They may be moving too ineptly and too slowly, but newspapers are confronting the reality that their longtime role as gatekeeper of information has reached an end.  My former boss, McClatchy’s Howard Weaver, used to put it this way: Some newspapers are still standing guard at the gate; problem is, because of the Internet, the fences are all down.

One of the results is that the old days of one-way communication – the newspaper telling its readers what was important, take it or leave it – are fading away. Two-way communication is the order of the day. But only now are those of us who’ve spent our lives in the media coming to grips with what that means: It doesn’t just mean readers and listeners get to talk; it doesn’t just mean that the media listens; it also means that their feedback is acted upon.

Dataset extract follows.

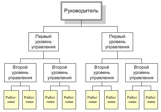 Самый простой тип структуры—это строго линейная. Она основывается только на отношениях “руководства—подчинения” и отражает самую общую ступень разделения управленческого труда — на отдачу приказов, распоряжений, указаний и на их исполнение. В чистом виде линейные структуры в наше время существуют лишь в небольших по масштабам организациях, выполняющих элементарные производственные функции или услуги с очень несложной технологией.

Katharine Weymouth, the new publisher of the Washington Post, made this explicit in a remarkable memo she sent to Post staffers on Wednesday. “We must make fundamental changes to our business culture,” wrote Weymouth. “We must focus better on what the consumer indicates they want, and be less quick to emphasize only what we think is important.”

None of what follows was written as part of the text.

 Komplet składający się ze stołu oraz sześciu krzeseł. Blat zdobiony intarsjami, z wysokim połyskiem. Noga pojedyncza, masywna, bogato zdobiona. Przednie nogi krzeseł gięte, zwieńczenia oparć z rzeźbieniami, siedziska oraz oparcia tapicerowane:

From a business standpoint, this seems so obvious that it requires no saying. But in the newsroom it’s been different. There the decades-long ethic has been that the newspaper is the best judge of community needs and information, and really shouldn’t be swayed by the special pleadings of customers. On occasion, there is still some truth to this. But as Weymouth suggests, it’s not a particularly effective business model — not anymore it isn’t.

Even so, this practice will die hard. To many newsrooms, acting on community druthers will smack of sellout, something to be resisted on principle. This view, of course, assumes that the old unilateralism was the right way of doing things. (It wasn’t.) But now, newspapers have no choice but to take many of their reporting assignments from expressed community desires.

Media consultant Elizabeth Osder made similar points at a conference last week at the University of Missouri. Journalism will arise from the individual needs of citizens, and away from something that rests with the press, she said. “That’s a very different idea of what journalism is,” she said. Not to mention better.

Weymouth’s memo also reminded me of something former Post columnist William Raspberry once observed about the Post‘s hometown coverage. It was clear from the newspaper’s stories, Raspberry said, that the Post was FOR the Washington Redskins. It wasn’t so clear that the Post was FOR Washington.

I suspect newspapers are going to make it clearer that they’re FOR their communities because they (the successful ones anyway) are going to be involved in a much richer dialogue that will illuminate their responsiveness to community wishes and needs. The best newspapers will do this and simultaneously do the hard-hitting investigation that makes some people in the community irate. But they’ll no longer stand as the omniscient arbiter of what the community needs. Not if they want to stay in business.